For three days this week, Tulare, California, is the center of American agriculture as the host city for the World Ag Expo. This year, as Congress seeks to pass its twice-each-decade bill intended to support American agriculture and nutrition assistance programs, many of the folks visiting the International Agri-Center are hoping that House Speaker Kevin McCarthy will bring home the bacon.
“You know, the biggest optimists in the world are farmers. They believe that tomorrow is always going to be better than today, and here we are today in California with a great opportunity,” said McCarthy, who represents parts of the local San Joaquin Valley, during the expo’s opening remarks Tuesday. “We want to make sure food is abundant, affordable and that the farmer is there for the next generation.”
Farm bills have been updated and renewed by Congress about every five years since the 1930s and traditionally support staple American commodities: corn, soybeans, wheat, cotton, dairy, sugar and more. The farm bill’s iterations have evolved to include nutrition, government loans, rural development, horticulture, research and crop insurance, all with the goal of getting food from farm to table.
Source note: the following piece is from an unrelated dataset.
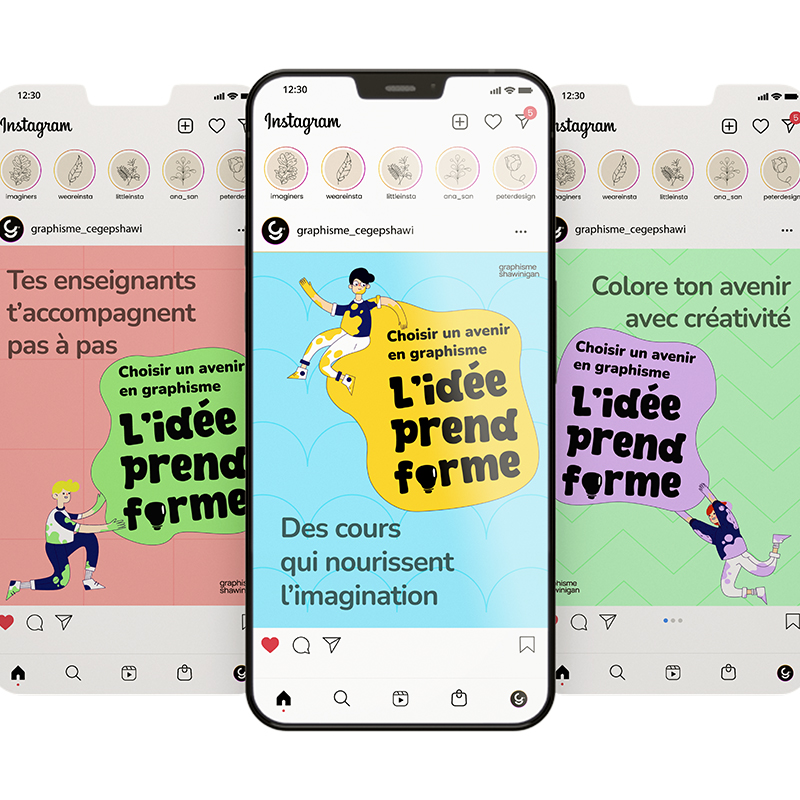 Ce projet consiste en la réalisation d’une campagne publicitaire destinée aux réseaux sociaux, principalement Instagram, dans le but de promouvoir et recruter des étudiants en graphisme au Cégep de Shawinigan.

“It’s hard to think, you know, where’s my food come from? But when you really think about it, there’s multiple hands getting the food on the table for the general population,” said Daniel Posada, who is at the expo seeking to help the trucking company he works for break into the ag business.
The most recent iteration of the farm bill, passed in 2018, also covers the Supplemental Nutritional Assistance Program — the federal low-income food and nutrition program, which has benefited more than 40 million people annually for all but two of the last 12 years.
McCarthy was among a group of lawmakers that sat to participate in a listening session, in which farmers appealed for help on everything from dairy prices to chronic water shortages.
But the timing to renew the bill comes at a time in which House Republicans are less seeking to do horse-trading negotiations with Democrats, so much as flatly demanding spending cuts in return for agreeing to raise the national debt limit.
“We only spend 0.2% of the federal budget on production agriculture, and when you take into account the nutrition title, basically, the farm bill titles 2% of the entire federal budget on the industry that American families are most dependent on, each and every day,” said Rep. Glenn Thompson, R-Penn., who chairs the House Agriculture Committee. “Although we’ve got to show some adult behavior and we’ve got to reduce spending … that should not be done on the backs of the hardworking families who provide us the food, the fiber, the building materials and the energy resources that every family in this country is so dependent on.”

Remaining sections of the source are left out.